25

I have some strings like this

string phoneNumber = "(914) 395-1430";

I would like to strip out the parethenses and the dash, in other word just keep the numeric values.

So the output could look like this

9143951430

How do I get the desired output ?

CSᵠ
  • 9,711
  • 9
  • 37
  • 61
meda
  • 43,711
  • 13
  • 85
  • 120
  • 2
    Even if you aren't experienced in regex, you should have at least done some research. The number of answers is inversely proportional to the difficulty of the problem. – Jerry Oct 03 '13 at 19:36
  • 1
    There is always someone like you to complain about questions, this is a Q&A site, if I knew I would not ask thanks! – meda Oct 03 '13 at 19:39
  • I'm not complaining, I'm just letting you know that there's already this kind of stuff out there. And one of SO's policy is to redirect all duplicate questions to one main question. Duplicate questions are often deleted like that. – Jerry Oct 03 '13 at 19:45
  • @SystemDown I know how to but if Im not sure I will ask, see I ended up using the answer that does not require regex. Which was something I was totally unaware of – meda Oct 03 '13 at 19:45
  • @Jerry then you should point me to these duplicates, and I could careless about you guys downvote :P – meda Oct 03 '13 at 19:52
  • Huh? I didn't give a single downvote to your question o.o But if you want a possible duplicate, you can use [this question](http://stackoverflow.com/q/1120198/1578604) which should need only a few tweaks. – Jerry Oct 03 '13 at 19:55
  • 5
    why the heck is that answer closed ? i arrive here from google looking for "c# extract numerics from string", and this perfectly valid and simple and universal question is closed as "off topic" what topic ? the programming topic ? i think its pretty well damn on topic. what the heck SO – v.oddou Jul 29 '14 at 07:13
  • it would have been a better option to mark it as duplicate to this question: http://stackoverflow.com/questions/844461/return-only-digits-0-9-from-a-string – Teodor Tite Apr 12 '17 at 12:52

6 Answers6

49

You do any of the following:

  • Use regular expressions. You can use a regular expression with either

    • A negative character class that defines the characters that are what you don't want (those characters other than decimal digits):

      private static readonly Regex rxNonDigits = new Regex( @"[^\d]+");
      

      In which case, you can do take either of these approaches:

      // simply replace the offending substrings with an empty string
      private string CleanStringOfNonDigits_V1( string s )
      {
        if ( string.IsNullOrEmpty(s) ) return s ;
        string cleaned = rxNonDigits.Replace(s, "") ;
        return cleaned ;
      }
      
      // split the string into an array of good substrings
      // using the bad substrings as the delimiter. Then use
      // String.Join() to splice things back together.
      private string CleanStringOfNonDigits_V2( string s )
      {
        if (string.IsNullOrEmpty(s)) return s;
        string cleaned = String.Join( rxNonDigits.Split(s) );
        return cleaned ;
      }
      
    • a positive character set that defines what you do want (decimal digits):

      private static Regex rxDigits = new Regex( @"[\d]+") ;
      

      In which case you can do something like this:

      private string CleanStringOfNonDigits_V3( string s )
      {
        if ( string.IsNullOrEmpty(s) ) return s ;
        StringBuilder sb = new StringBuilder() ;
        for ( Match m = rxDigits.Match(s) ; m.Success ; m = m.NextMatch() )
        {
          sb.Append(m.Value) ;
        }
        string cleaned = sb.ToString() ;
        return cleaned ;
      }
      
  • You're not required to use a regular expression, either.

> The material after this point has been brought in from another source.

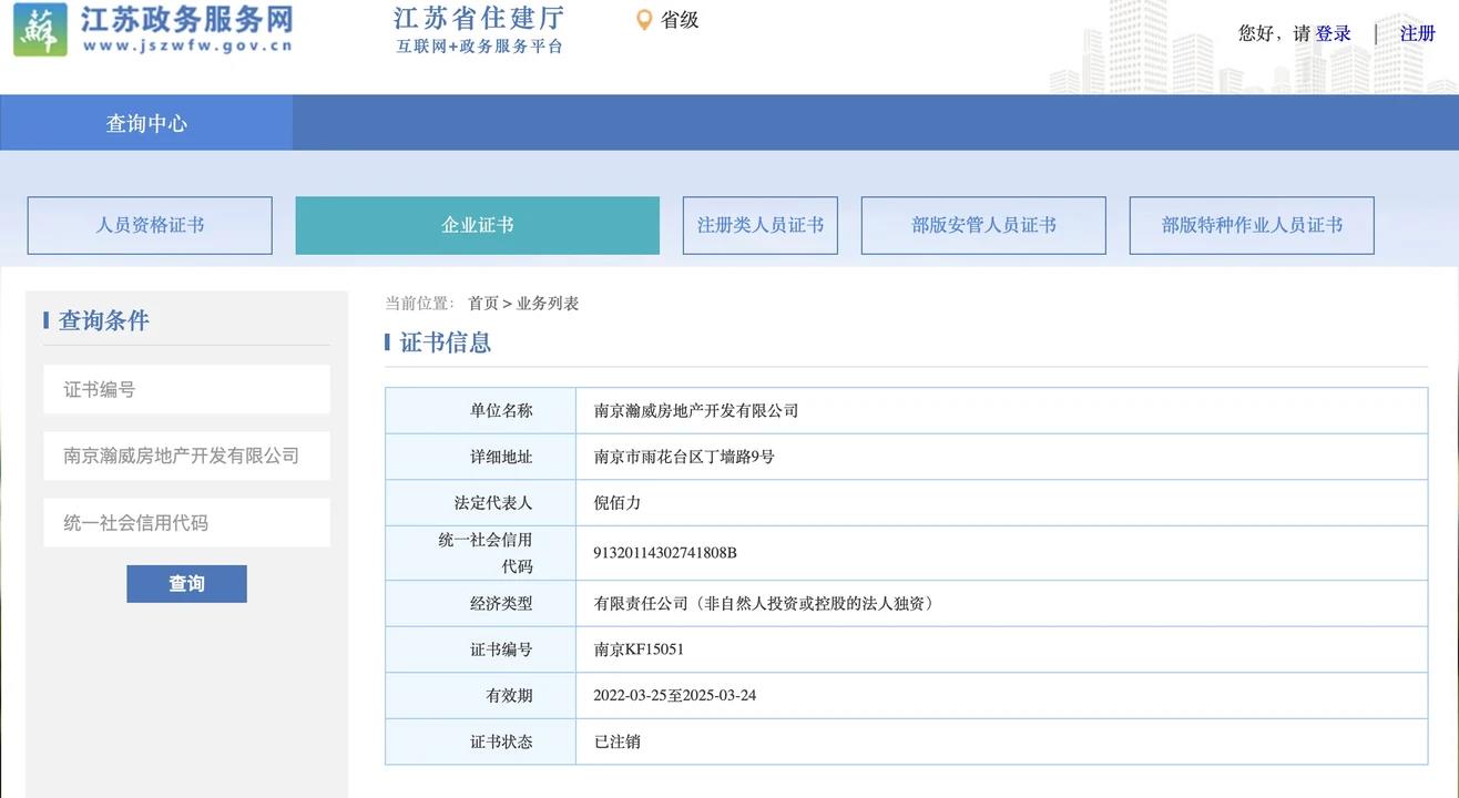 11月22日,澎湃新闻通过江苏省政务服务网站检索发现,南京瀚威房地产开发有限公司持有的房地产开发企业资质证书编号为“南京KF15051”,有效期为2022年3月25日至2025年3月24日,现已处于注销状态。
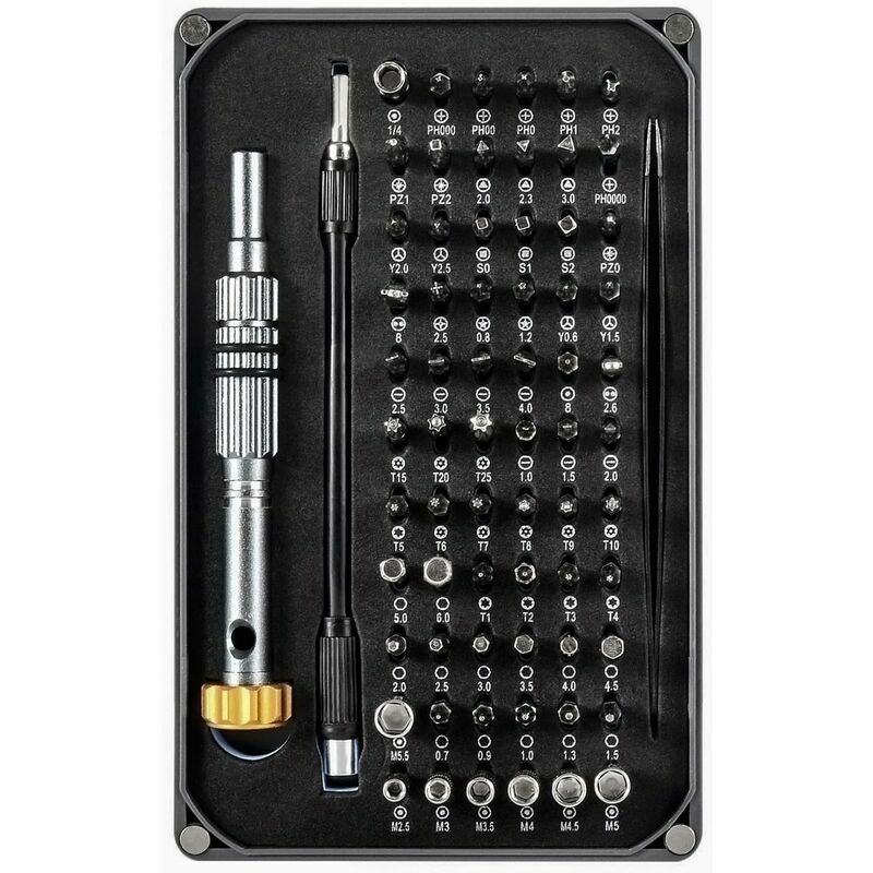 strumento di riparazione ideale per smartphone, tv, ventilatore elettrico, laptop e altro ancora. Realizzato in acciaio al cromo vanadio, elevata durezza. L'impugnatura in lega di alluminio offre una presa comoda. La base girevole a 360 gradi consente di ruotare l'impugnatura mantenendo una pressione costante. Il cacciavite ha una punta magnetica. L'asta di prolunga morbida consente di raggiungere facilmente i punti difficili da raggiungere e le pinzette facilitano la presa di piccoli accessori. La custodia magnetica in plastica per il trasporto mantiene tutto organizzato e facile da trovare. Facile da trasportare. Dimensioni: 17*10,5*3,5 cm

    • You could use LINQ directly, since a string is an IEnumerable<char>:

      private string CleanStringOfNonDigits_V4( string s )
      {
        if ( string.IsNullOrEmpty(s) ) return s;
        string cleaned = new string( s.Where( char.IsDigit ).ToArray() ) ;
        return cleaned;
      }
      
    • If you're only dealing with western alphabets where the only decimal digits you'll see are ASCII, skipping char.IsDigit will likely buy you a little performance:

      private string CleanStringOfNonDigits_V5( string s )
      {
        if (string.IsNullOrEmpty(s)) return s;
        string cleaned = new string(s.Where( c => c-'0' < 10 ).ToArray() ) ;
        return cleaned;
      }
      
  • Finally, you can simply iterate over the string, chucking the digits you don't want, like this:

    private string CleanStringOfNonDigits_V6( string s )
    {
      if (string.IsNullOrEmpty(s)) return s;
      StringBuilder sb = new StringBuilder(s.Length) ;
      for (int i = 0; i < s.Length; ++i)
      {
        char c = s[i];
        if ( c < '0' ) continue ;
        if ( c > '9' ) continue ;
        sb.Append(s[i]);
      }
      string cleaned = sb.ToString();
      return cleaned;
    }
    

    Or this:

    private string CleanStringOfNonDigits_V7(string s)
    {
      if (string.IsNullOrEmpty(s)) return s;
      StringBuilder sb = new StringBuilder(s);
      int j = 0 ;
      int i = 0 ;
      while ( i < sb.Length )
      {
        bool isDigit = char.IsDigit( sb[i] ) ;
        if ( isDigit )
        {
          sb[j++] = sb[i++];
        }
        else
        {
          ++i ;
        }
      }
      sb.Length = j;
      string cleaned = sb.ToString();
      return cleaned;
    }
    

From a standpoint of clarity and cleanness of code, the version 1 is what you want. It's hard to beat a one liner.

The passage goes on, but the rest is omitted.